Using the Networking Calico extension with Gardener as end-user

The core.gardener.cloud/v1beta1.Shoot resource declares a networking field that is meant to contain network-specific configuration.

In this document we are describing how this configuration looks like for Calico and provide an example Shoot manifest with minimal configuration that you can use to create a cluster.

Calico Typha

Calico Typha is an optional component of Project Calico designed to offload the Kubernetes API server. The Typha daemon sits between the datastore (such as the Kubernetes API server which is the one used by Gardener managed Kubernetes) and many instances of Felix. Typha’s main purpose is to increase scale by reducing each node’s impact on the datastore. You can opt-out Typha via .spec.networking.providerConfig.typha.enabled=false of your Shoot manifest. By default the Typha is enabled.

EBPF Dataplane

Calico can be run in ebpf dataplane mode. This has several benefits, calico scales to higher troughput, uses less cpu per GBit and has native support for kubernetes services (without needing kube-proxy). To switch to a pure ebpf dataplane it is recommended to run without an overlay network. The following configuration can be used to run without an overlay and without kube-proxy.

An example ebpf dataplane NetworkingConfig manifest:

apiVersion: calico.networking.extensions.gardener.cloud/v1alpha1
kind: NetworkConfig
ebpfDataplane:
  enabled: true
overlay:
  enabled: false

To disable kube-proxy set the enabled field to false in the shoot manifest.

apiVersion: core.gardener.cloud/v1beta1
kind: Shoot
metadata:
  name: ebpf-shoot
  namespace: garden-dev
spec:
  kubernetes:
    kubeProxy:
      enabled: false

Know limitations of the EBPF Dataplane

Please note that the default settings for calico’s ebpf dataplane may interfere with accelerated networking in azure rendering nodes with accelerated networking unusable in the network. The reason for this is that calico does not ignore the accelerated networking interface enP... as it should, but applies its ebpf programs to it. A simple mitigation for this is to adapt the FelixConfiguration default and ensure that the bpfDataIfacePattern does not include enP.... Per default bpfDataIfacePattern is not set. The default value for this option can be found here. For example, you could apply the following change:

$ kubectl edit felixconfiguration default
...
apiVersion: crd.projectcalico.org/v1
kind: FelixConfiguration
metadata:
  ...
  name: default
  ...
spec:
  bpfDataIfacePattern: ^((en|wl|ww|sl|ib)[opsx].*|(eth|wlan|wwan).*|tunl0$|vxlan.calico$|wireguard.cali$|wg-v6.cali$)
  ...

AutoScaling

Autoscaling defines how the calico components are automatically scaled.
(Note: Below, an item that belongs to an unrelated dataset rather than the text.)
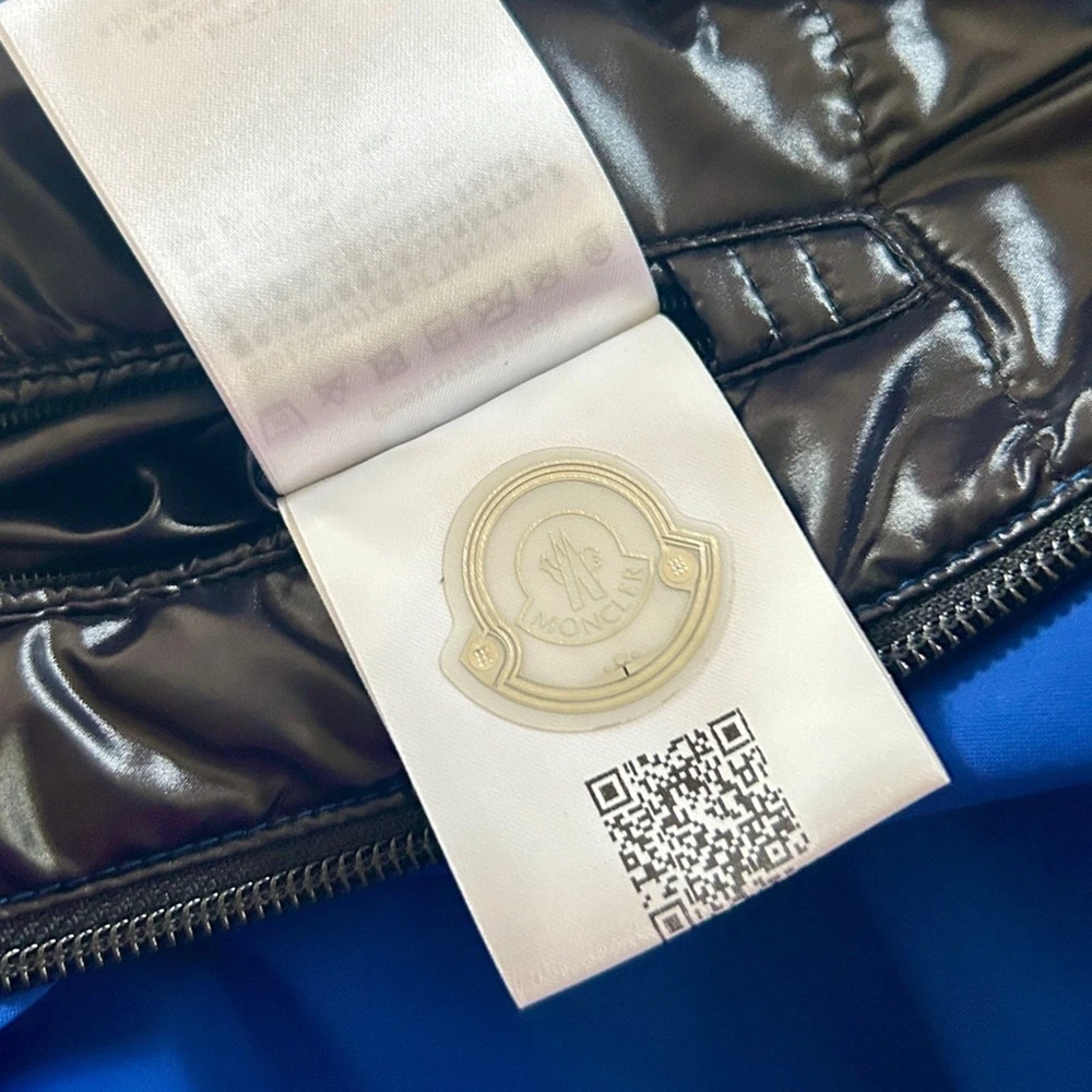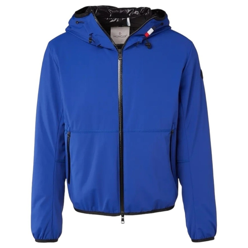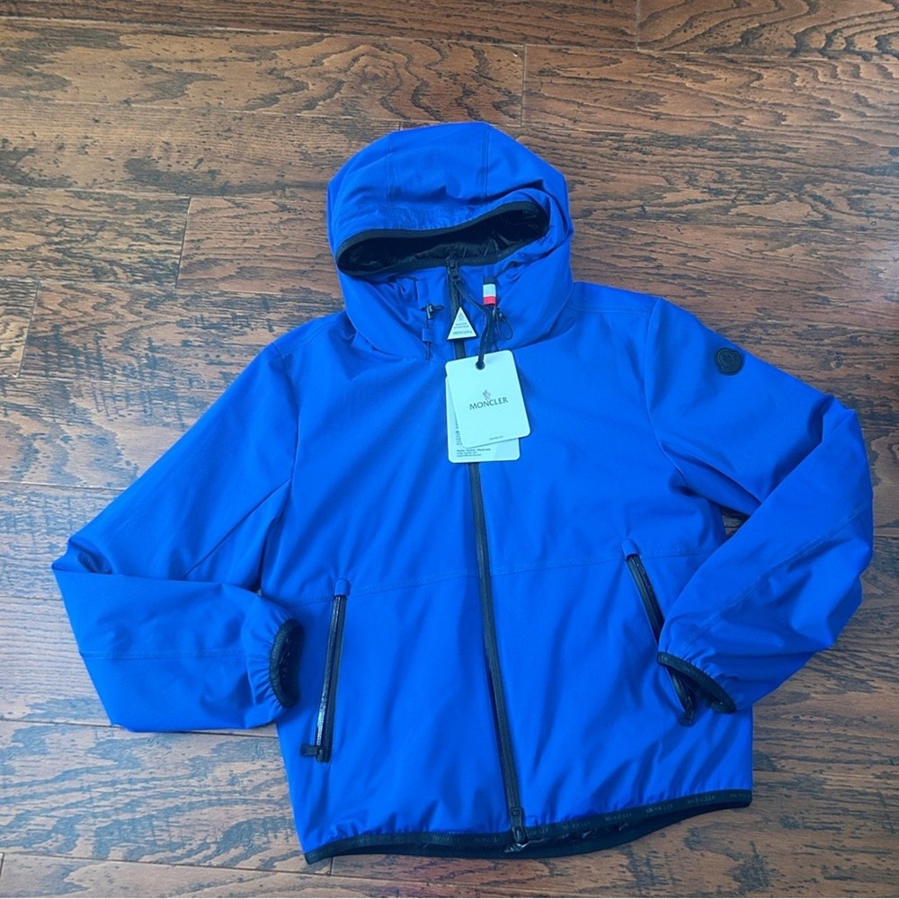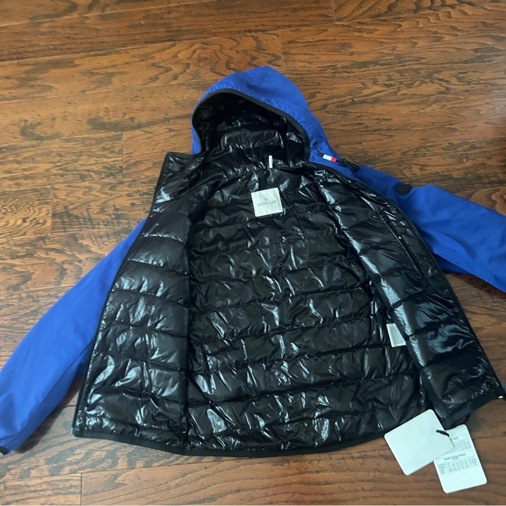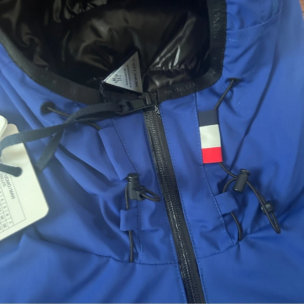 Moncler Men's Duport Hooded Down Filled Jacket Blue with Black lining - Size 1 (Small) NEW with original tags: $1,740 Retail Minimalist in design, this soft shell down jacket showcases a nylon-blend design and a contrasting padded down-filled lining • Attached bungee cord hood • Stand collar • Two-way zip front • Waist zip pockets • Piping trim • Fully lined • Outer: 76% Polyamide; 24% Elastane; Lining: 100% Polyamide; Fill: 90% Down, 10% Feather • Dry clean Approx. 21" armpit to armpit and 24" center back neck to hem Moncler Duport Blue Men's Hooded Down-Filled Jacket Size Small NWT

It allows to use either static resource assignment, vertical pod or cluster-proportional autoscaler (default: cluster-proportional).

The cluster-proportional autoscaling mode is preferable when conditions require minimal disturbances and vpa mode for improved cluster resource utilization. Static resource assignments causes no disruptions due to autoscaling, but has no dynamics to handle changing demands.

Please note VPA must be enabled on the shoot as a pre-requisite to enabling vpa mode.

An example NetworkingConfig manifest for vertical pod autoscaling:

apiVersion: calico.networking.extensions.gardener.cloud/v1alpha1
kind: NetworkConfig
autoScaling:
  mode: "vpa"

An example NetworkingConfig manifest for static resource assignment:

apiVersion: calico.networking.extensions.gardener.cloud/v1alpha1
kind: NetworkConfig
autoScaling:
  mode: "static"
  resources:
    node:
      cpu: 100m
      memory: 100Mi
    typha:
      cpu: 100m
      memory: 100Mi

ℹ️ Please note that in static mode, you have the option to configure the resource requests for calico-node and calico-typha. If not specified, default settings will be used. If the resource requests are chosen too low, it might impact the stability/performance of the cluster. Specifying the resource requests for any other autoscaling mode has no effect.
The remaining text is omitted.